Exercise objective: Copy the records below exactly, starting at the line that contains "對(duì)于所有型號(hà" and ending at the line that contains "庭園美術館の茶室と紅葉(東京都)"; leave out any pictures.

[Saved data entries]
--- START ---

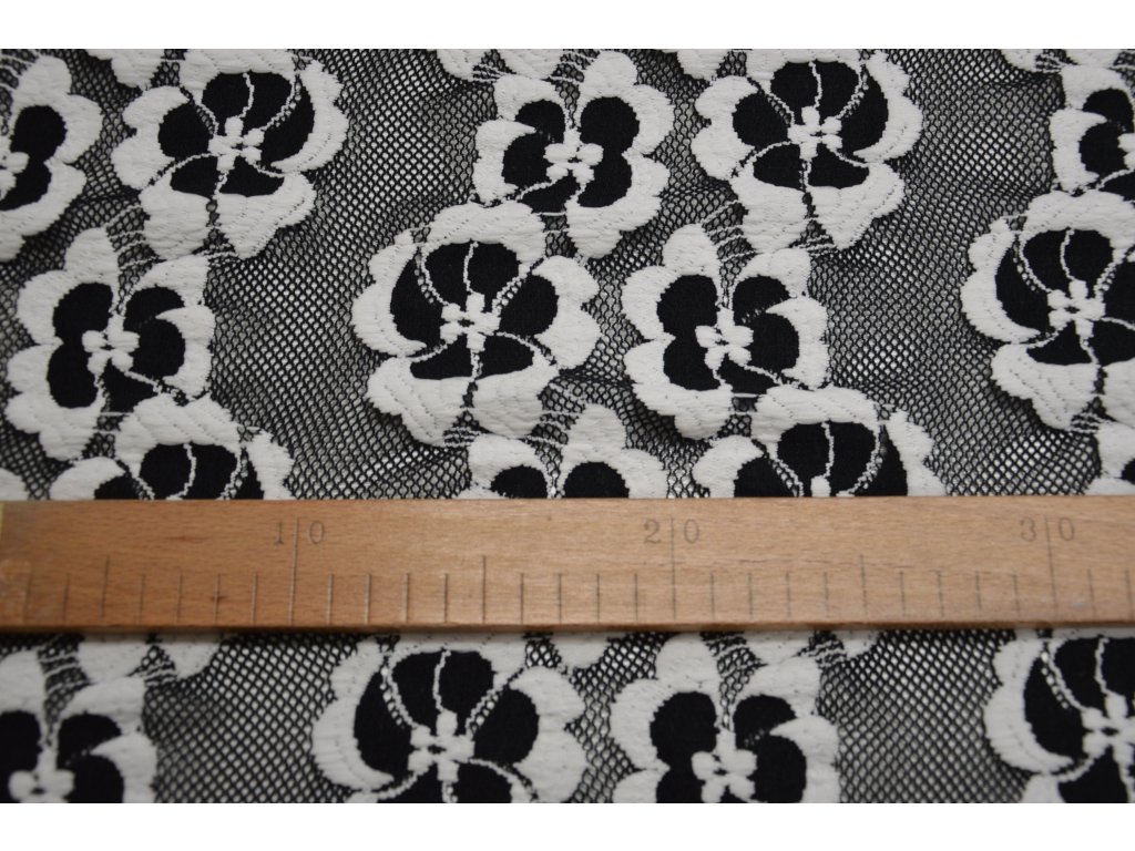 Černobílá elastická krajka. Pružná všemi směry.
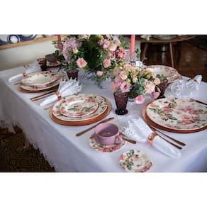 ficha técnica - fonte do produto: cerâmica alleanza - unidades por kit: 6 - tipo de prato de louça: raso - diâmetro: 28 - forma: redonda - formato de venda: kit - nome do desenho: florido - comprimento: 28 - cor: rosybrown. - material: cerâmica - utilizações seguras: microondas - cor: branco
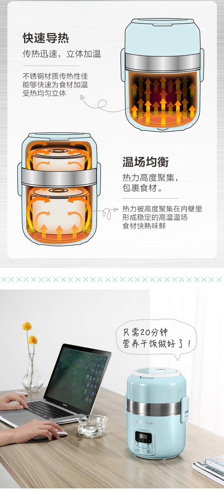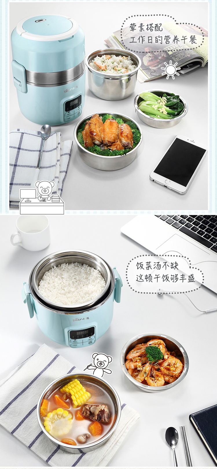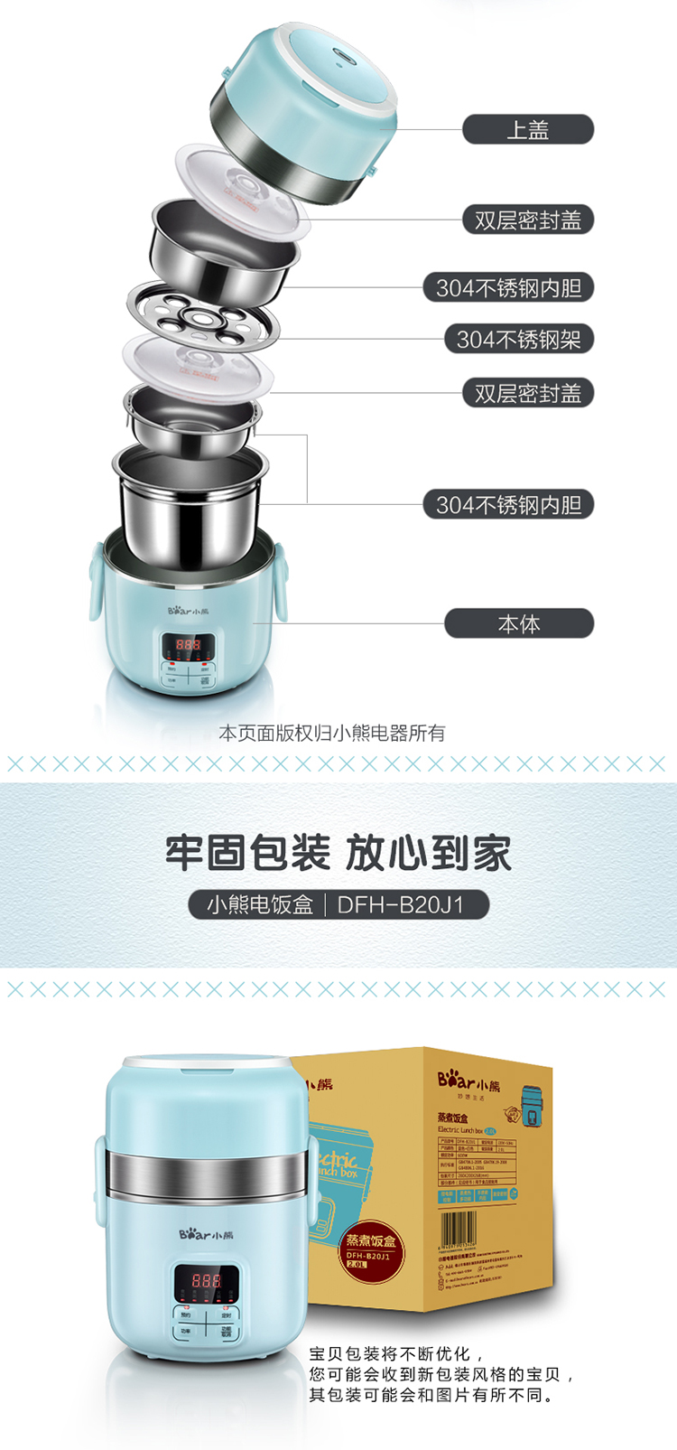 商品名称:小熊(Bear)DFH-B20J1 电热饭盒 可插电保温加热蒸煮不锈钢3层抽真空电饭盒
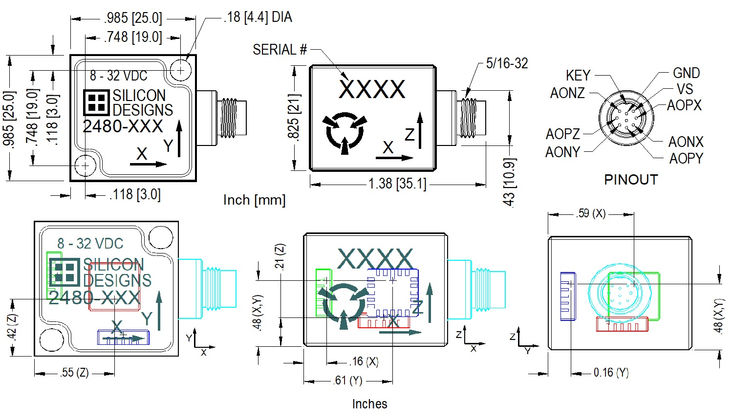 對(duì)于所有型號(hào):在沒(méi)有特別指定的情況下,默認(rèn)的供電電壓(Vs)為+8至+32伏直流電,測(cè)試條件下的溫度(TC)設(shè)定為25攝氏度,并且處于差分模式。加速度測(cè)量范圍(量程)為±g,對(duì)應(yīng)的輸出電壓范圍是8000毫伏。
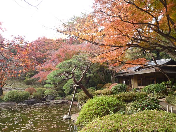 庭園美術館の茶室と紅葉(東京都)
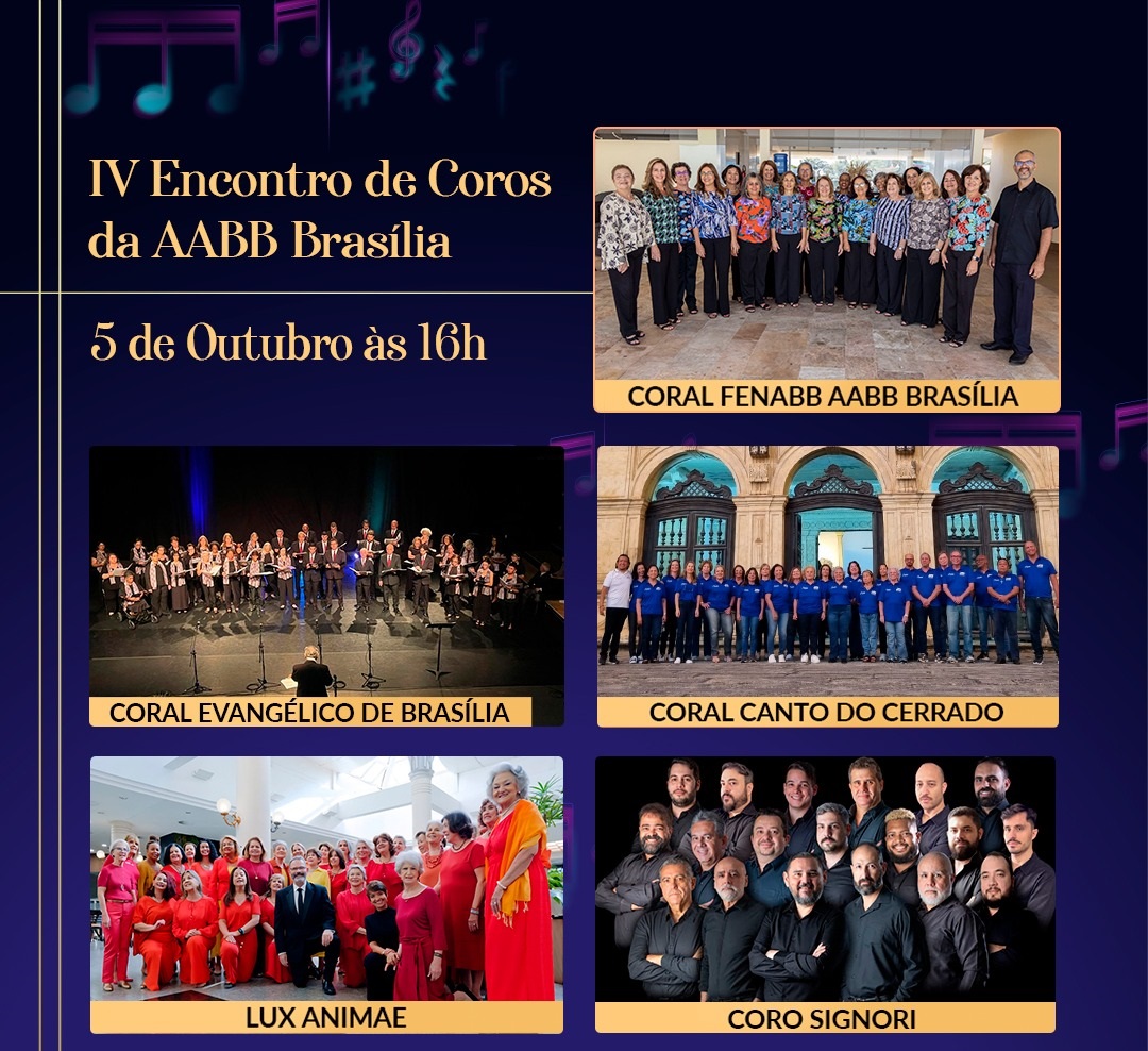 Evento contará com apresentações do Coral FENABB AABB Brasília, Coral dos Aposentados do Sindicato dos Bancários de Brasília, Coral Feminino Vozes em Pauta, Coral Nosso Canto e Coral Voz e Sentimento

--- END ---

Output for this exercise:
 對(duì)于所有型號(hào):在沒(méi)有特別指定的情況下,默認(rèn)的供電電壓(Vs)為+8至+32伏直流電,測(cè)試條件下的溫度(TC)設(shè)定為25攝氏度,并且處于差分模式。加速度測(cè)量范圍(量程)為±g,對(duì)應(yīng)的輸出電壓范圍是8000毫伏。
 庭園美術館の茶室と紅葉(東京都)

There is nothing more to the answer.